» Exercise directions
Among the entries below, find the line with "Na temelju zahtjeva" and the line with "现面向海秦花尊敬的客户、文旅". Return exactly those lines and every line between them, but no pictures.

» Dataset records
============================================================
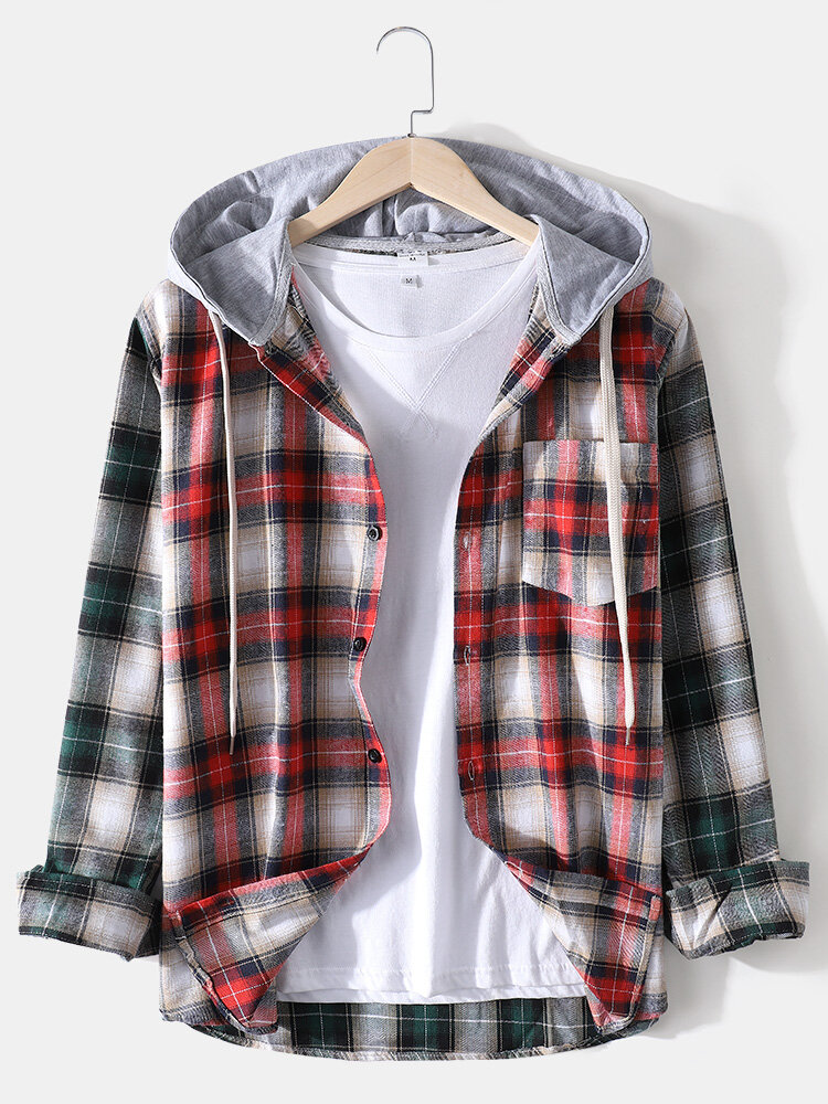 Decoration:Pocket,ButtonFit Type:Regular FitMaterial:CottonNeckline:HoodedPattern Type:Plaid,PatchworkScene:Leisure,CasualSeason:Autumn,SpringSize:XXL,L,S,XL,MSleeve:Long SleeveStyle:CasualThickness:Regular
============================================================
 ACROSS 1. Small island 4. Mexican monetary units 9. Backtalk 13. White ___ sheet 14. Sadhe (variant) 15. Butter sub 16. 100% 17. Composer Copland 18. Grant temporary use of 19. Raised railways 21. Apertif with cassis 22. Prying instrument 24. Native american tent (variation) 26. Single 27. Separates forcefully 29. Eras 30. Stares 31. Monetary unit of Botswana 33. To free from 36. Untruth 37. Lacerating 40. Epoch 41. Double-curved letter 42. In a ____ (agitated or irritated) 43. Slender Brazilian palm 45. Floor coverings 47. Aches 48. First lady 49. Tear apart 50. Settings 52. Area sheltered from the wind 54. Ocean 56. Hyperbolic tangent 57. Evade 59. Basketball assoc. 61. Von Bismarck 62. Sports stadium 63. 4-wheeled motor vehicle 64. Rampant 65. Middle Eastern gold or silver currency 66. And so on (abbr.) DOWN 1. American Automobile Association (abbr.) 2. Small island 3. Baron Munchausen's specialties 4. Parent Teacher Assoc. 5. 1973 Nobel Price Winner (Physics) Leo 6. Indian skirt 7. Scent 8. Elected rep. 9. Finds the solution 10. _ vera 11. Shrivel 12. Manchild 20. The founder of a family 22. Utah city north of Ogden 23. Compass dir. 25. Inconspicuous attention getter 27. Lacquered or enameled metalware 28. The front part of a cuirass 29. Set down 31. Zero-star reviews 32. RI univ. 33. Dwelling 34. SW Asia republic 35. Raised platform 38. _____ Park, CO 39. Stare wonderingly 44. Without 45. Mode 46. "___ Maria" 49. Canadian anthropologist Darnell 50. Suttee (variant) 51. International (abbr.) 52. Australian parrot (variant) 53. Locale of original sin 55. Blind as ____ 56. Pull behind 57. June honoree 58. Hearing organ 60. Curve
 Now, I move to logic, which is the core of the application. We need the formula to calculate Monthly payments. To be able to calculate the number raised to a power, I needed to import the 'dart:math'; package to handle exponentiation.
============================================================
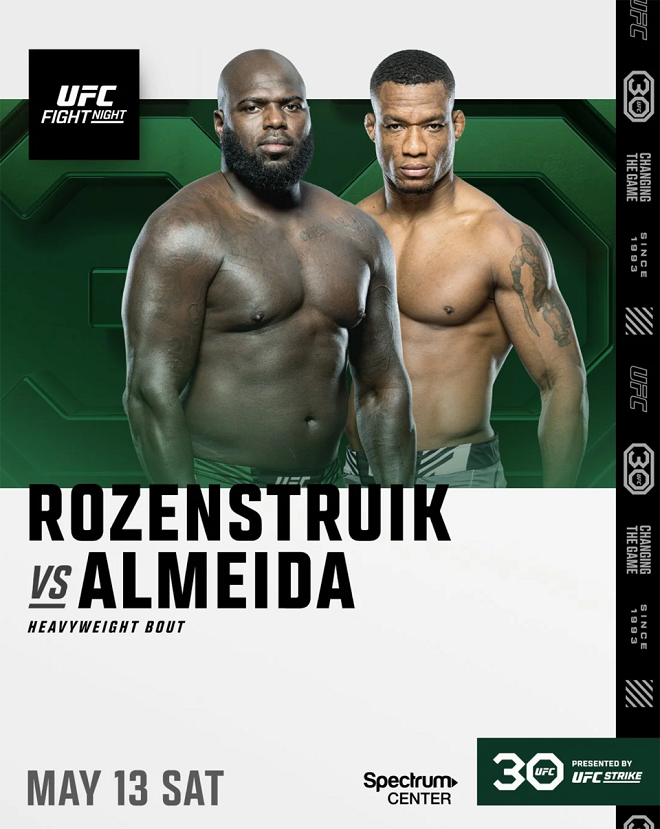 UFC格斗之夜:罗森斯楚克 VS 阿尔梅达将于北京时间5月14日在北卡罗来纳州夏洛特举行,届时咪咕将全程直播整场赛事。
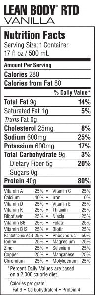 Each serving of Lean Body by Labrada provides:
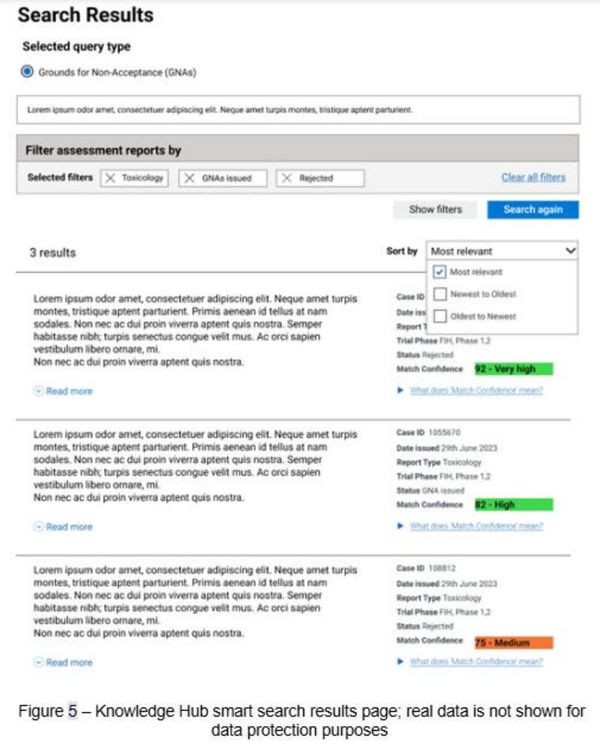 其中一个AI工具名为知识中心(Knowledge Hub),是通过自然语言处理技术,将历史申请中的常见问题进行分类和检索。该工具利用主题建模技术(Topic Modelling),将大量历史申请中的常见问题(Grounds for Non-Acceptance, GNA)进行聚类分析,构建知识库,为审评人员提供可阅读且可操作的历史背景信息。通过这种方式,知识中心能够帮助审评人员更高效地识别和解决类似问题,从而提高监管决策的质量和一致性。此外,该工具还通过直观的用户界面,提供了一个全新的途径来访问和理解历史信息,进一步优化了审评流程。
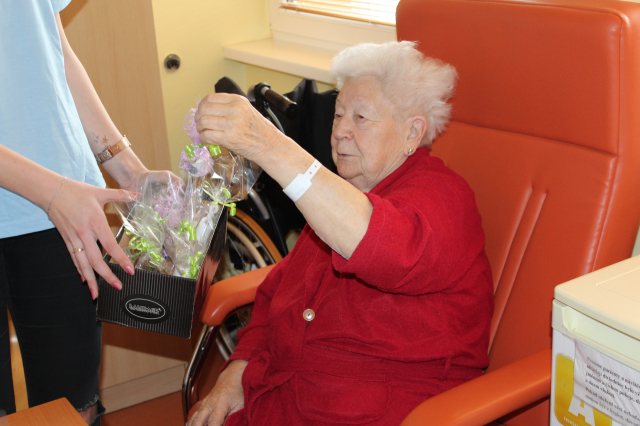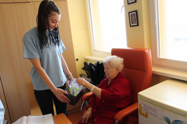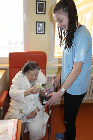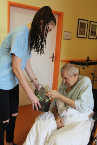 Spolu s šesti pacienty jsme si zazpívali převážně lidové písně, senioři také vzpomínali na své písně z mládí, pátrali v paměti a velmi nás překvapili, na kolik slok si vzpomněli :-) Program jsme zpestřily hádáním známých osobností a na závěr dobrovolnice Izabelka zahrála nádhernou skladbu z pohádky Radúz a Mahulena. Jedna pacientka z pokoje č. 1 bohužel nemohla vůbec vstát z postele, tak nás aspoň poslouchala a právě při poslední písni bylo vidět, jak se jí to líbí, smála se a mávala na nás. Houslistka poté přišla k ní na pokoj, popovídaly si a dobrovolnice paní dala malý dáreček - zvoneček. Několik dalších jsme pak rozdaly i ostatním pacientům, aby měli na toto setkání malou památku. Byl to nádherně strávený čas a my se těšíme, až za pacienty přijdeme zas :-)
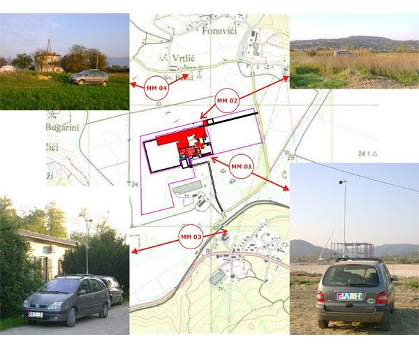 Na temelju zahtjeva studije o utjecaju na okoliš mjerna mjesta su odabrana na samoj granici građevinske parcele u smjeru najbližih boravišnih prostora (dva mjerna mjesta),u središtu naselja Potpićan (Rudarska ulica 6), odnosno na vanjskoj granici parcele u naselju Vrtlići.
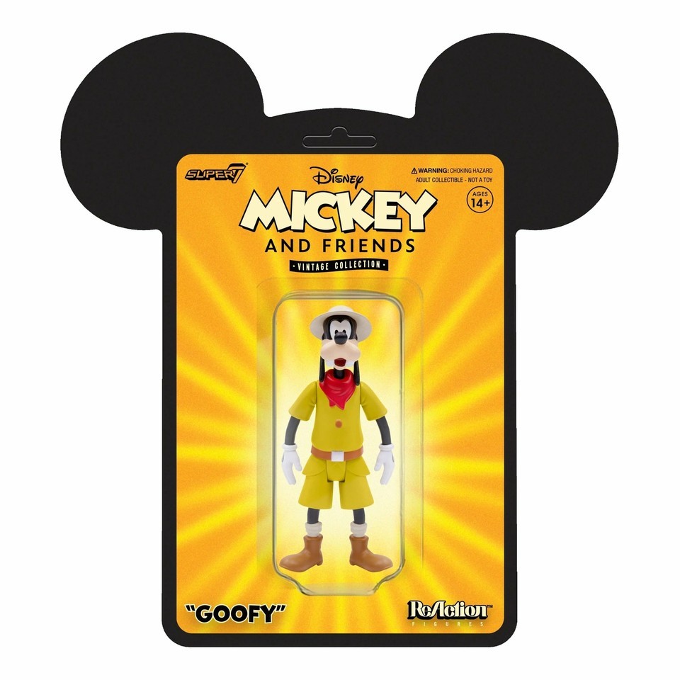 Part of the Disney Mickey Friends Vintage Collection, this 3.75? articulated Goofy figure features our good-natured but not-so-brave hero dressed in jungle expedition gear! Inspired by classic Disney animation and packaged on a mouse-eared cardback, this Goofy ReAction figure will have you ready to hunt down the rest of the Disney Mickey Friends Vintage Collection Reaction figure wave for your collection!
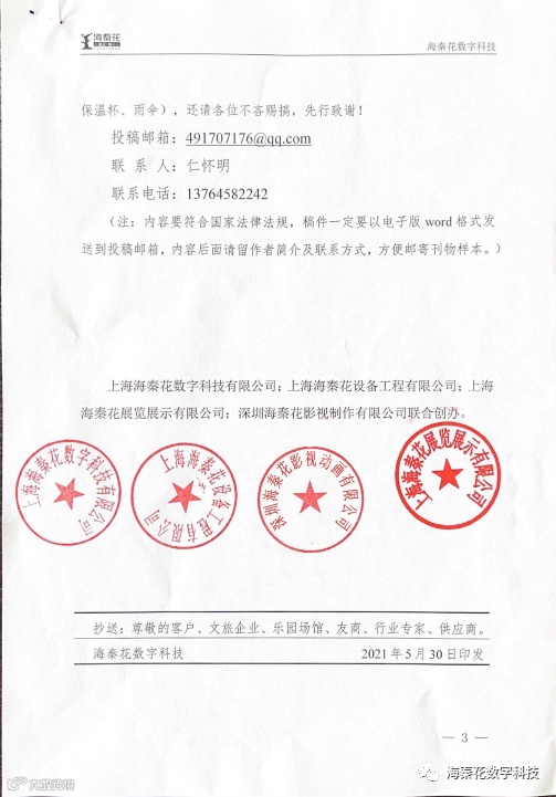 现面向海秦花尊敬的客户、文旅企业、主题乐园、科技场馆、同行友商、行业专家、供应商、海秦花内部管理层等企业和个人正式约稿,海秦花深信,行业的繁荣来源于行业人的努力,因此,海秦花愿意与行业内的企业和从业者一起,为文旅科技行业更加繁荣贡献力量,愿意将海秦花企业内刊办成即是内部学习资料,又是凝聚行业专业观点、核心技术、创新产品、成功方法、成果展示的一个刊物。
============================================================
» Written answer
 Na temelju zahtjeva studije o utjecaju na okoliš mjerna mjesta su odabrana na samoj granici građevinske parcele u smjeru najbližih boravišnih prostora (dva mjerna mjesta),u središtu naselja Potpićan (Rudarska ulica 6), odnosno na vanjskoj granici parcele u naselju Vrtlići.
 Part of the Disney Mickey Friends Vintage Collection, this 3.75? articulated Goofy figure features our good-natured but not-so-brave hero dressed in jungle expedition gear! Inspired by classic Disney animation and packaged on a mouse-eared cardback, this Goofy ReAction figure will have you ready to hunt down the rest of the Disney Mickey Friends Vintage Collection Reaction figure wave for your collection!
 现面向海秦花尊敬的客户、文旅企业、主题乐园、科技场馆、同行友商、行业专家、供应商、海秦花内部管理层等企业和个人正式约稿,海秦花深信,行业的繁荣来源于行业人的努力,因此,海秦花愿意与行业内的企业和从业者一起,为文旅科技行业更加繁荣贡献力量,愿意将海秦花企业内刊办成即是内部学习资料,又是凝聚行业专业观点、核心技术、创新产品、成功方法、成果展示的一个刊物。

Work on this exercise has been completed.